[GIVEN RECORDS]

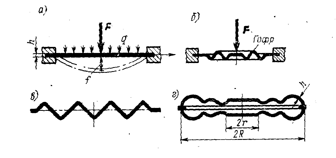 Под действием газа, жидкости или сосредоточенной силы (рис. 4, а) мембрана прогибается и в ней возникают деформации изгиба и растяжения. Для уменьшения растягивающих напряжений мембраны выполняют гофрированными. Плоские мембраны имеют большую жесткость и очень малый прогиб. В гофрированных мембранах концентричные волнообразные складки (гофры) могут быть выполнены различного профиля (рис. 4, б, в)–синусоидального, пилообразного, трапецеидального. Эти мембраны отличаются большей надежностью и чувствительностью, их конструкция допускает значительные деформации. Упругая характеристика гофрированной мембраны может быть линейной, затухающей и возрастающей, ее получают путем подбора формы, глубины и числа гофр, материала, толщины и диаметра мембраны.
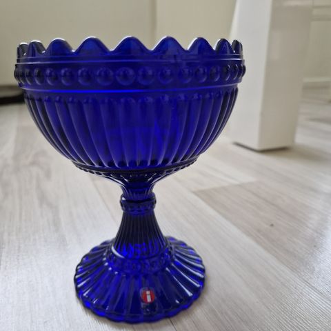 Malja on jalallinen ja koristeellisesti muotoiltu, sopii esimerkiksi tarjoiluun tai sisustusesineeksi.
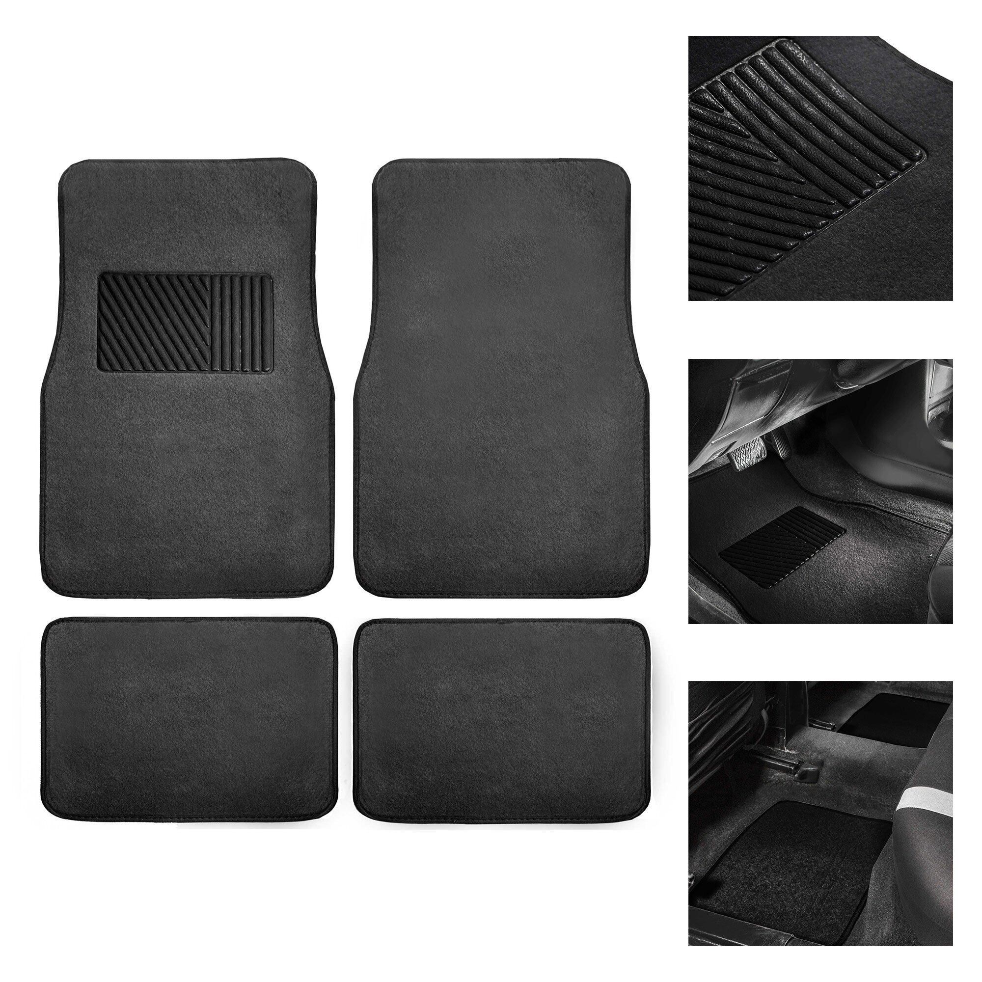 FHグループ(FH Group International) 車用フロアマット 4点セット デラックス ブラック フロント66×43cm リア32×43cm ドライバー ヒールパッド付き 【日本正規輸入品】 F14403BLACK
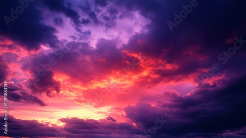 Fototapeta premium Dark red and purple sunset clouds glowing in the twilight sky, transitioning...
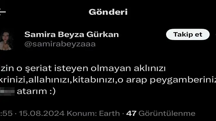 Edinilen bilgiye göre, sosyal medya hesapları üzerinden "sizin o şeriat isteyen olmayan aklınızı, fikrinizi, allahınızı, kitabınızı, o arap peygamberinizi s.... atarım:)" şeklinde ağza alınmayacak hakaretler eden ve uyuşturucu madde kullanımını özendirecek paylaşımlar yapan Samira Beyza Gürkan'ın (22) adresi Sivas Emniyet Müdürlüğü Siber Suçlarla Mücadele Şube Müdürlüğü ekipleri tarafından yapılan çalışmayla tespit edildi. Narkotik ve Güvenlik Şube Müdürlükleri ekipleri, 18 Ağustos tarihinde genç kadını yakalayarak gözaltına aldı. Yapılan işlemlerin ardından şüpheli, "uyuşturucu madde kullanımını özendirme, halkın bir kesiminin benimsediği dini değerleri alenen aşağılama" suçlarından adli makamlara sevk edildi. Samira Beyza Gürkan, çıkarıldığı mahkemece tutuklanarak cezaevine gönderildi.

[/GIVEN RECORDS]

The data above holds the lines to copy: start at the one with "Malja on jalallinen", stop at the one with "Fototapeta premium Dark", include both, copy them exactly without pictures, and copy nothing else.

 Malja on jalallinen ja koristeellisesti muotoiltu, sopii esimerkiksi tarjoiluun tai sisustusesineeksi.
 FHグループ(FH Group International) 車用フロアマット 4点セット デラックス ブラック フロント66×43cm リア32×43cm ドライバー ヒールパッド付き 【日本正規輸入品】 F14403BLACK
 Fototapeta premium Dark red and purple sunset clouds glowing in the twilight sky, transitioning...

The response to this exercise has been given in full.